Data Science For Trucking? Who Knew?

How To Manage One Million Vehicles With Big Data – Forbes.

The above link goes to a great story about using data science. What makes the story great is the company. It is not a science company or a tech startup. It is a truck management company. Data science is truly reaching all industries.

Data Without Borders is now DataKind

The Non-Profit Organization Data Without Borders has renamed itself to DataKind.

Here is the official announcement.

DataKind is an organisation that matches data from non-profit and government organisations with data scientists. DataKind hosts weekend DataDives and they are planning to build a DataCorps. See a previous post, Use Data Science to Help The World, to find out more about what DataKind is all about.

Big data: The next frontier for innovation, competition, and productivity | McKinsey & Company

Big Data: The next frontier for innovation, competition, and productivity | McKinsey Global Institute | Technology & Innovation | McKinsey & Company.

This report by McKinsey & Company is frequently referenced, so I thought I should post a link to it. It includes the following quote about the lack of talent to fill Big Data positions.

By 2018, the United States alone could face a shortage of 140,000 to 190,000 people with deep analytical skills as well as 1.5 million managers and analysts with the know-how to use the analysis of big data to make effective decisions.

This quote is why now is a great time to be learning to become a data scientist.
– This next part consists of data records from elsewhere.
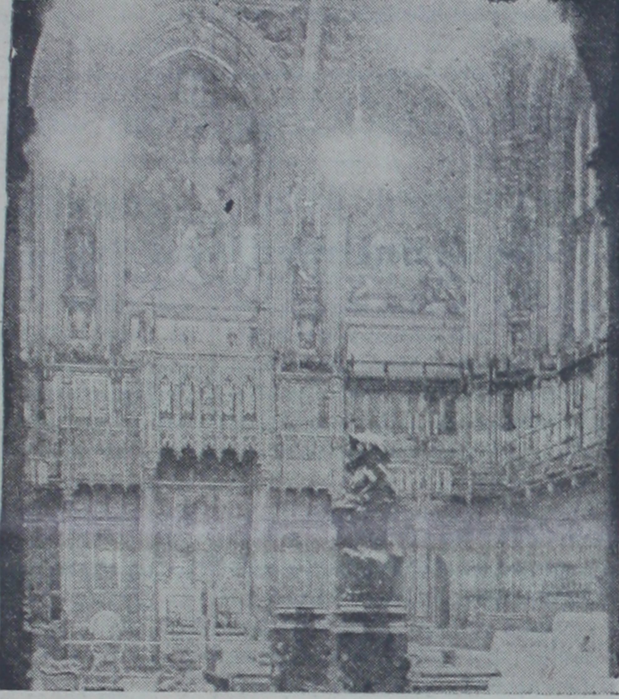
Paris teklifleri hakkında gürültülü konuşmalara sahne olan İngiliz avam kamarasının bir görünüşü.

Londra, 17 (A. A.) — İngiltere hükümeti, Cenevre'de zecri tedbirlerin tatbikiyle İngiltere için tehlikeli bir askeri durum hasıl olduğunu, halbuki bu tehlikeli durumun başka devletlerle müşterek olmak lazım geleceğini ileri süreceği ve B. Eden'in Milletler Cemiyeti azalarından bu tehlikelere katılmak için ne gibi askeri ve bahri tedbirler almak düşüncesinin hemen tasrihini isteyeceği söylenmekte idi.
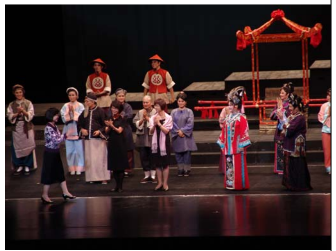
《美人尖》謝幕後介紹主創群
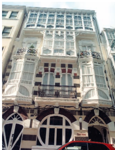
Casa Pereira 1

proyecciones que le da a sus construcciones, haciendo que cada una de ellas sea única e irrepetible, buscando la singularidad en cada edificación. Con la aparición de las ideas racionalistas y geométricas abanderadas por la Bauhaus, Ucha Piñeiro sufre una reconversión evolucionando hacia un racionalismo estético, abandonando las típicas galerías y sustituyéndolas por voladizos de hormigón.
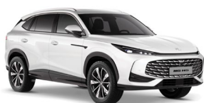
BIELA PEARL* Metalická farba
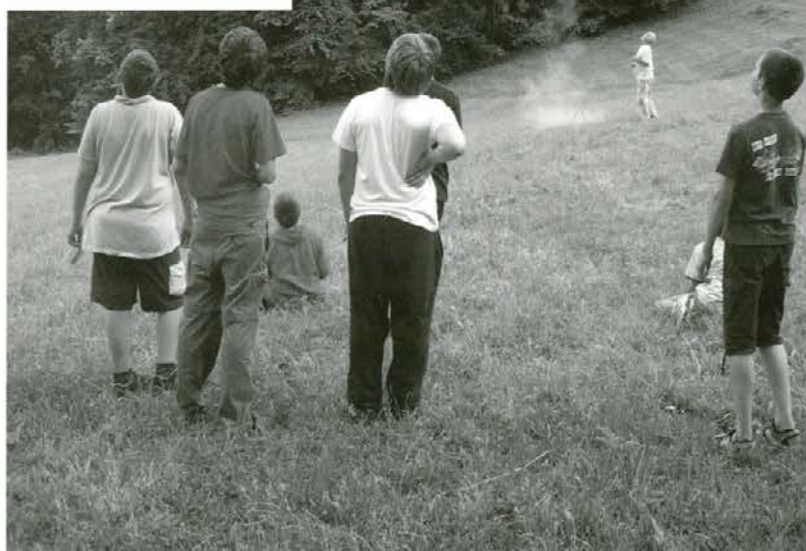
Za Smučarsko kočo je 30. junija 2009 poletela raketa
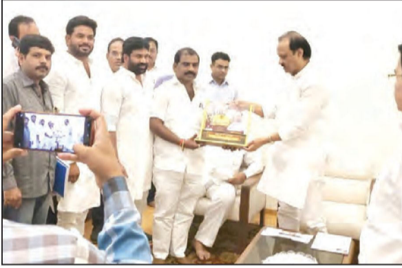
उपमुख्यमंत्री अजित पवार यांच्यासोबत सोलापूर शहराच्या विकासासाठी साकडे घातले.

सोलापूर शहरातील विकास कामे, राष्ट्रवादी पक्ष संघटना म
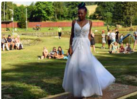
Modelky představily nejen kolekci letního oblečení a spodního prádla, ale také luxusní svatební šaty
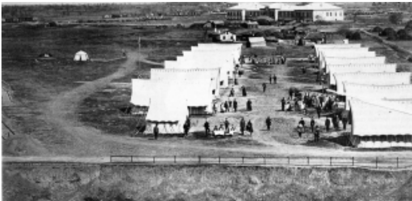
Походный лазарет времен Русско-турецкой войны 1878–1879 гг.; (Юськин А. Русский госпиталь в Бухаресте //Наше наследие. — 1991. — № 1. — С. 42)

ных лазаретов близ мест сражений, приютов для выздоравливающих, этапов по эвакуационному пути, “летучих” перевязывающих отрядов для подбирания раненых после сражения — все формировалось по классической схеме русского “авось”, т. е. спонтанно и с потерей драгоценного времени.
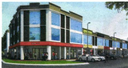
新设计的商舖符合时下商家需求。
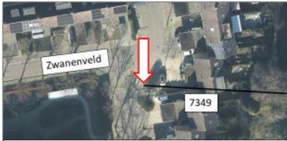
Zwavenveld; noordwestzijde van huisnummer 7349
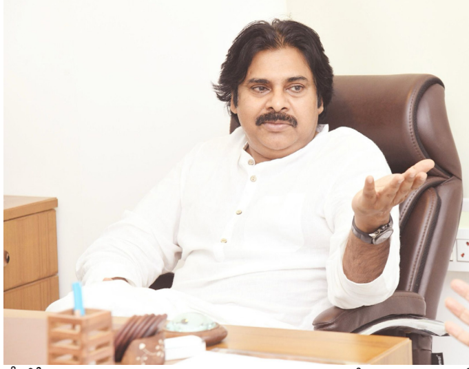
బీజేపీ కార్యకర్తలు, నాయకులు ఈ కార్యక్రమంలో పాలుపంచుకోవాలని కోరుతున్నాను.
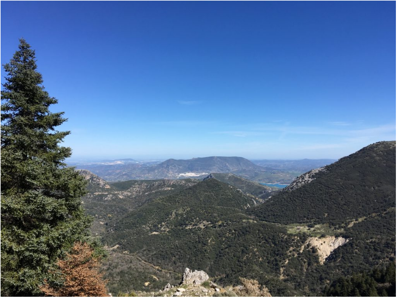
Vista de Zahara de la Sierra
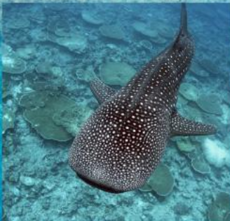
Whale Shark Snorkeling
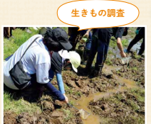
田んぼやビオトープにすむ生きものを調べ、生きもの多様性やトキと暮らす環境づくりを学びました
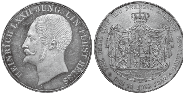
【写真5】1847年 ロイス ハインリヒ 72 世 在位 25 周年記念2ターラー

例えばこの一八四七年ロイスハインリヒ七二世 在位二五周年記念2ターラー【写真5】。
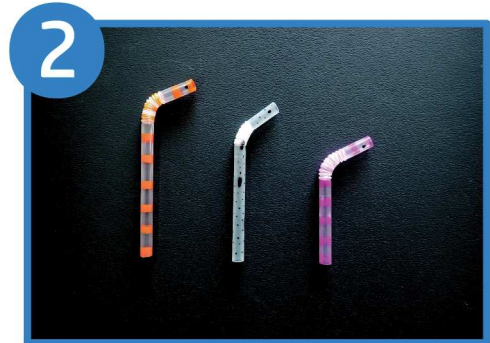
ストローに模様や顔を描く
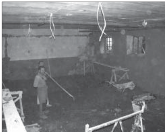
A gimnázium alagsorában már épül az új étterem

kezhettek a tanulók. A középiskola vezetésének, diákjainak is ez volt a régi álma, de mindezidáig nem teljesíthető igénye.
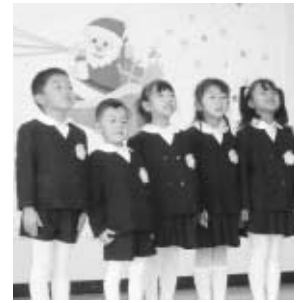
すがま幼稚園の生活発表会より
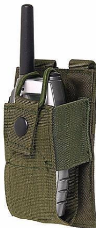
Obrázok č. 17

Na sumke sa nachádza gumená väzba, ktorou je možné fixovať vysielacu v sumke spôsobom, aký je vyobrazený na Obrázku č. 19.
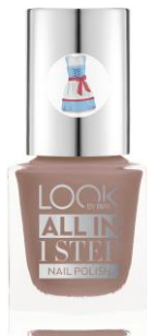
LOOK BY BIPA All In 1 Step Nail Polish Oktoberfest Nr.120 Very Old Rose EUR 2,25
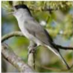
Fauvette à tête noire
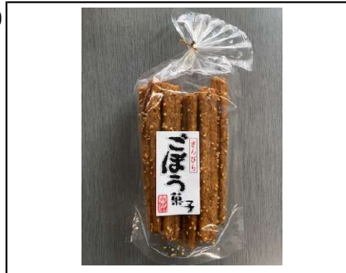
商品名 きんぴらごぼう菓子 売価 350円（税抜） 内容量15本 JANコード 4975275602500

Twitter, NoSQL and Data Analysis

This is a lengthy but very good slide deck on the what/why of the tools used at Twitter.

Note: The slide deck is about 2 years old.

Hans Rosling and GapMinder

Hans Rosling, co-founder of GapMinder Foundation, provides a good Ted Talk about HIV in the world. He does an excellent job of using data to highlight countries(not continents) that have the most serious problems. He also states some reasons why HIV/AIDS is not dropping off as quickly in some rich countries.

Here is a second Ted Talk by Hans Rosling. This one is a bit more entertaining, but it still contains excellent use of data. Hint: He shows why the washing machine is so important.

Coursera is Expanding – New Courses Starting Today

Since recently announcing $16M in funding, Coursera has been making quite a bit of noise. Last fall, Stanford University decided to freely offer a couple computer science classes online. The response was huge, and that led to the creation of Coursera.

The courses are no longer limited to computer science, and Stanford is no longer the only school involved. Here is a list of academic areas being offered and another list with the schools involved.

Academic Areas

Universities Involved

Although, not all of the courses will be directly related to data science, many of them are very close. Naturally Math, Statistics, and Computer Science areas have direct relations to data science. However, some of the other areas such as Networks, Biology, and Economics are some of the most popular application areas for data science. This is very exciting. My only concern is that the courses are a bit too much like traditional university courses with specific start/end dates and homework due dates. It will be interesting to see if the course structures change over time.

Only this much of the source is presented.